An interview with Dean Abbott and John Elder about change management, complexity, interpretability, and the risk of AI taking over humanity.


By Heather Fyson, KNIME

What did COVID do to all our models?

After the KNIME Fall Summit, the dinosaurs went back home… well, switched off their laptops. Dean Abbott and John Elder, longstanding data science experts, were invited to the Fall Summit by Michael to join him in a discussion of The Future of Data Science: A Fireside Chat with Industry Dinosaurs. The result was a sparkling conversation about data science challenges and new trends. Since switching off the studio lights, Rosaria has distilled and expanded some of the highlights about change management, complexity, interpretability, and more in the data science world. Let’s see where it brought us.

What is your experience with change management in AI, when reality changes and models have to be updated? What did COVID do to all our models?

 
[Dean] Machine Learning (ML) algorithms assume consistency between past and future. When things change, the models fail. COVID has changed our habits, and therefore our data. Pre-COVID models struggle to deal with the new situation.

[John] A simple example would be the Traffic layer on Google Maps. After lockdowns hit country after country in 2020, Google Maps traffic estimates were very inaccurate for a while. It had been built on fairly stable training data but now that system was thrown completely out of whack.

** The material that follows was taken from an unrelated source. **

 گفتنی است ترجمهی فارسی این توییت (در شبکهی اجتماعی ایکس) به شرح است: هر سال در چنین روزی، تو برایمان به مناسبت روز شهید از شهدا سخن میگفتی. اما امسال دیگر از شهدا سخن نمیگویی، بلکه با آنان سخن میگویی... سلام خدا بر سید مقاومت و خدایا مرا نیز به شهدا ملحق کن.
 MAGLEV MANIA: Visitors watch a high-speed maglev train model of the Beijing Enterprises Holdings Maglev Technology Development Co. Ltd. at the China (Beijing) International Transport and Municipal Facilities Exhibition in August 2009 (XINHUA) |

How do you figure out when the world has changed and the models don’t work anymore?

 
[Dean] Here’s a little trick I use: I partition my data by time and label records as “before” and “after”. I then build a classification model to discriminate the “after” vs. the “before” from the same inputs the model uses. If the discrimination is possible, then the “after” is different from the “before”, the world has changed, the data has changed, and the models must be retrained.

How complicated is it to retrain models in projects, especially after years of customization?

 
[John] Training models is usually the easiest step of all! The vast majority of otherwise successful projects die in the implementation phase. The greatest time is spent in the data cleansing and preparation phase. And the most problems are missed or made in the business understanding / project definition phase. So if you understand what the flaw is and can obtain new data and have the implementation framework in place, creating a new model is, by comparison, very straightforward.

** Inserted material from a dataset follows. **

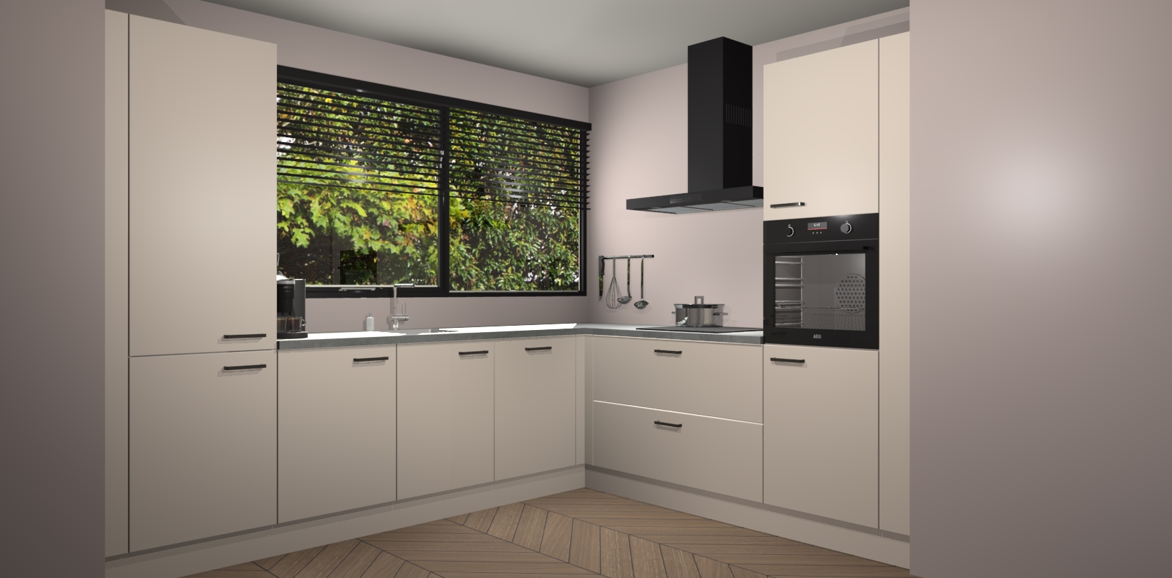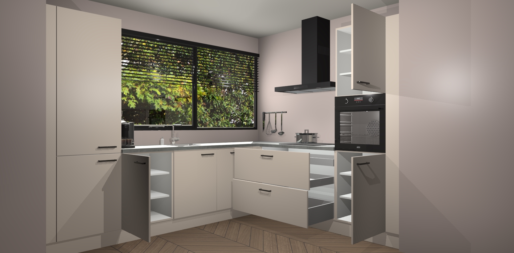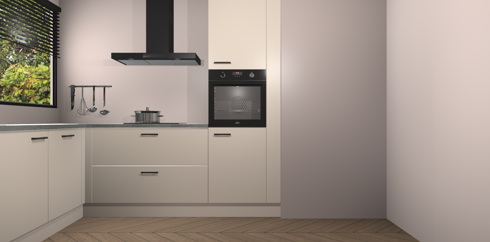 Met een modern, tijdloos design en ruime opslagruimte, zult u zich in no-time thuis voelen in uw nieuwe keuken. Uw leven wordt eenvoudiger met de soft-close deuren die voor het ultieme stille comfort zorgen - geen geluid dat u stoort terwijl u kookt. Ook is de keuken voorzien van 5 ingebouwde apparaten: een oven, inductie kookplaat, afzuigkap, vaatwasser en koelkast. Deze kunnen gemakkelijk na bestelling worden bijgewerkt naar AEG - waardoor uw luxe ervaring compleet is.

Based on your decades-long experience, how complex is it to put together a really functioning Data Science application?

 
[John] It can vary of course, by complexity. Most of our projects get functioning prototypes at least in a few months. But for all, I cannot stress enough the importance of feedback: You have to talk to people much more often than you want to. And listen! We learn new things about the business problem, the data, or constraints, each time. Not all us quantitative people are skilled at speaking with humans, so it often takes a team. But the whole team of stakeholders has to learn to speak the same language.

[Dean] It is important to talk to our business counterpart. People fear change and don’t want to change the current status. One key problem really is psychological. The analysts are often seen as an annoyance. So, we have to build the trust between the business counterpart and the analytics geeks. The start of a project should always include the following step: Sync up domain experts / project managers, the analysts, and the IT and infrastructure (DevOps) team so everyone is clear on the objectives of the project and how it will be executed. Analysts are number 11 on the top 10 list of people they have to see every day! Let’s avoid embodying data scientist arrogance: “The business can’t understand us/our techniques, but we know what works best”. What we don’t understand, however, are the domains experts are actually experts in the domain we are working in! Translation of data science assumptions and approaches into language that is understood by the domain experts is key!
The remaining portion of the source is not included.